1) The conditions outlined by Olivier Zajec are too idealistic. In other words, they preclude any intervention or stabilization on the basis that they are not likely to be met in the real world. To be fair, those four principles could be met, but only during the course of the operation.

2) hence my second point: those two pieces (and especially Zajec’s) seem to ignore the necessity to study strategy in a dialectical way. A strategy of exit, tactical operations which would unlock the situation and even a fair and autonomous analysis of the enemy would depend on the adversary’s strategy, its capabilities and its own political freedom of action and capability to unlock the situation on the ground. Iraq is a good example: the ’07-’08 surge unlocked the military situation and let local dynamics develop with a relatively low US pressure and inducement. But to be fair, during the surge, US needed to pressure, induce, persuade and leverage the various political actors (first and foremost Prime Minister Maliki). On the other hand, both pieces fail to fully recognize AQ’s strategy to embed itself in the locals’ very social fabric: when Roy uses the analogy with a parasite, he seems to forget that it is more than that. Jihadists often use gaps and fault lines, first seducing but also using coercion and intimidation in order to establish their social and political order. Of course, local societies may be tempted to rise against foreign fighters, but as the failed 2005 revolt in Anbar should demonstrate, it is likely to be crushed without external alliance (in that case, the successful alliance between several cheiks and the US military at fall ’06).

To me, closing the gap (that is, in Odierno’s words, to boost the host-government legitimacy) is a far more realistic way, under certain circumstances, than closing the doors (letting local dynamics creating more chaos and instability). The colonial era is over, and thus no western country can stabilize alone: it has to build coalitions both outside and inside the targeted state’s society. But on the other hand, as we are in a hierarchical world (maybe it could be or even it should be otherwise, but it is not), western states are the most powerful and hence have more chances to assert their interests than local states. In that perspective, if such a state (or its leaders) perceives that it has stakes and interests to intervene and stabilize, and if it calculates that the obstacles and anticipated costs are low enough to allow that, it is likely that it will act accordingly. Eventually, by doing so, it is also likely that the best course would be to help build the legitimacy of the local government. It is obviously a dilemma, since an external-imposed legitimacy is more difficult to enforce and sustain, but no dilemma can be resolved by starting from what the world should be rather than what it really is…

"Should I stay or should I go" (The Clash)

Somewhere near Sirte in October 2011, dictator Muammar Gaddafi met his fate. That event seemed to make an end to a successful western-led and UN-endorsed intervention which had aimed to protect the Libyan from a brutal repression and eventually toppled a decades-long authoritarian regime.

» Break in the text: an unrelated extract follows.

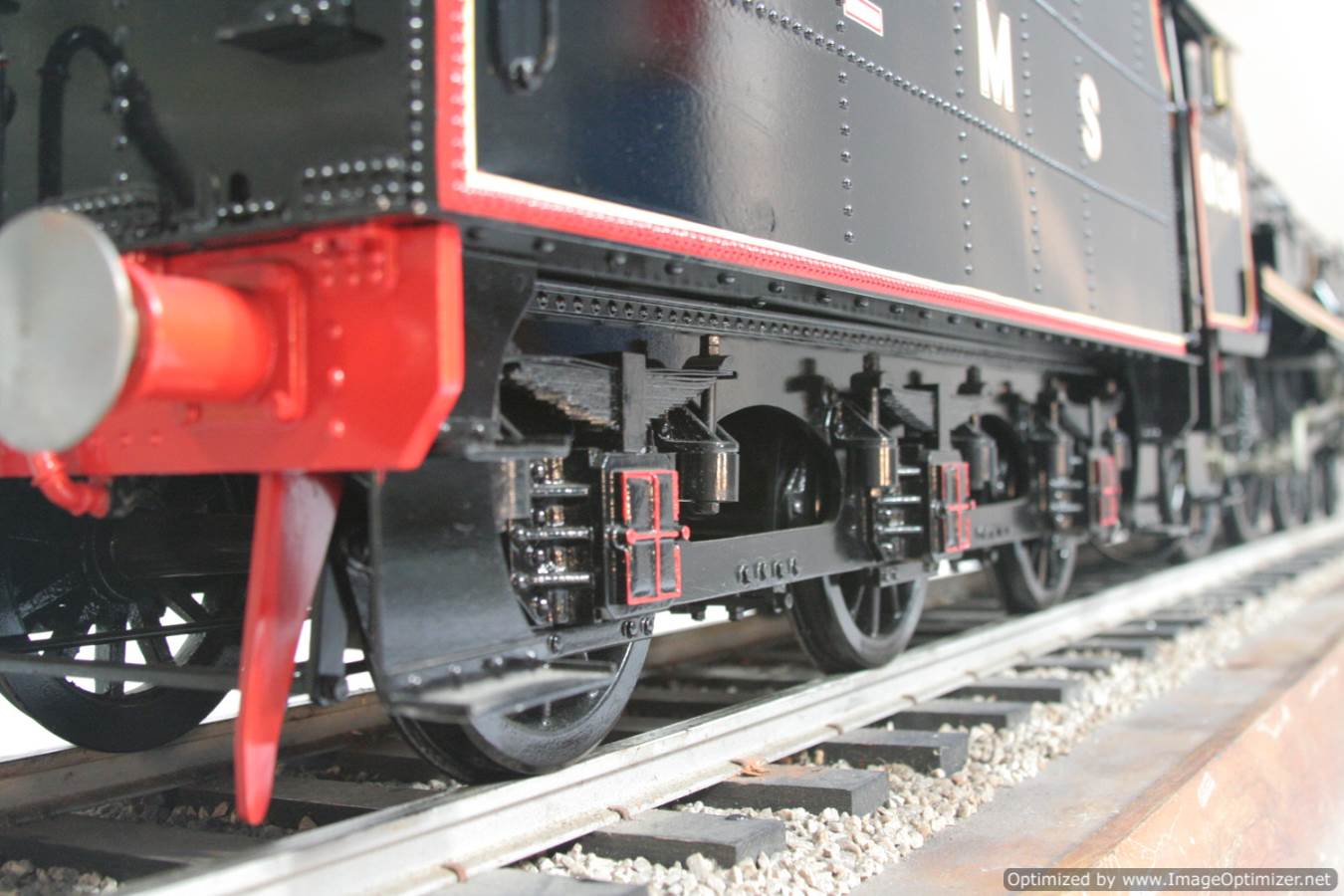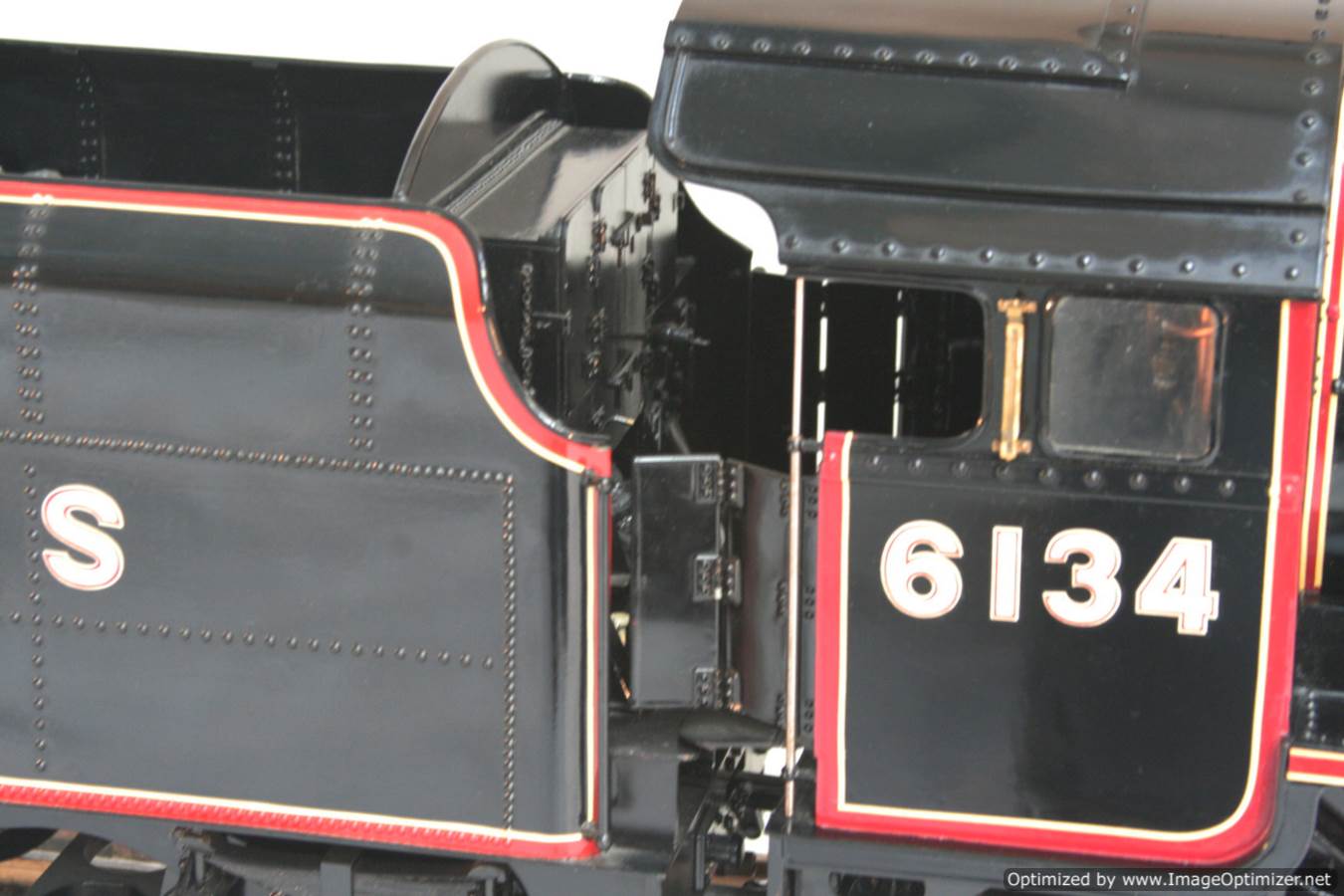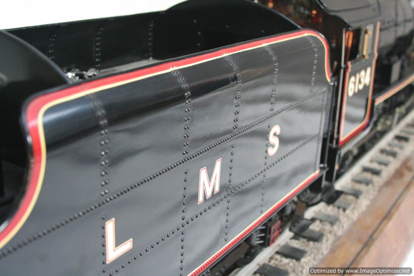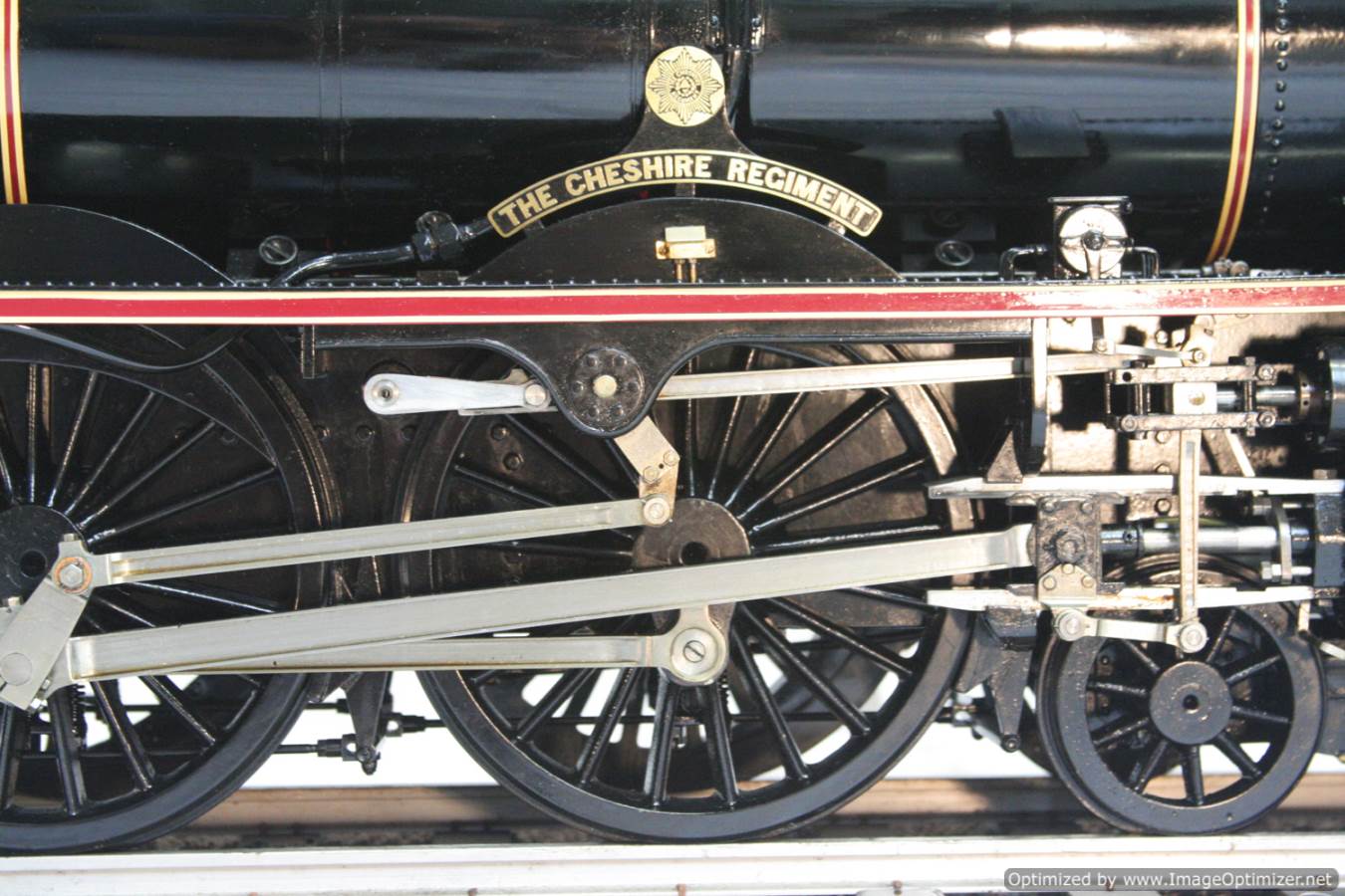 Here we have another lovely and pretty rare model. A Brand new and unsteamed 5" full 3 cylinder LMS Stanier Rebuillt Royal Scott, 6134 'The Cheshire Regiment'. She's in lined LMS Black livery and has been built to the Martin Evans 'King's Own' design, this is an exceptionally neatly made model from the workshop of an experienced model engineer. We've seen a few of these made, but they mostly seem to be the simpler 2 cylinder versions rather than the fully authentic 3 cylinder machines. The model was made as a runner, and as such has a straight martin Evans backhead rather than a more scale detailed affair, but ultimately the builder decided to keep the model in as new, un-fired condition on a plinth in his dining room whilst running all his other models instead.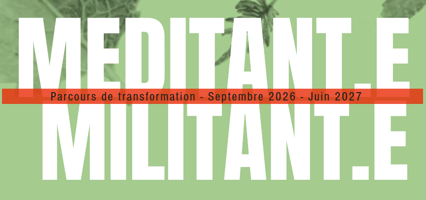 À travers des sessions en présentiel et un cheminement personnel d’intégration et d’accompagnement entre les rencontres, un parcours de (trans)formation pour contribuer à la grande transition vers un monde plus juste, solidaire et durable au sens fort. Cela, à travers l’émergence de personnes méditantes-militantes ayant identifié leur mission de vie et clarifié leur désir d’engagement, développé leurs ressources intérieures et acquis des outils pour les mettre en œuvre et les transmettre à d’autres.

To some, it appeared as a good news: from now on, it would be possible to rely on military force to enforce the liberal order and, in a somewhat romanticism way, wage war for the salvation of innocent civilians. For others, that success triggered concerns that western power (and maybe others) would use Libya as a precedent in order to legitimate any intervention.

But neither occurred. On the contrary, the messy civil war in Syria and the brutal repression exerted on the population by Bacher Al Assad have not seen yet a western intervention. Proponents and opponents of the Responsibility to Protect (R2P) have then argued that that situation of "double standards" is another proof of western states’ cynicism.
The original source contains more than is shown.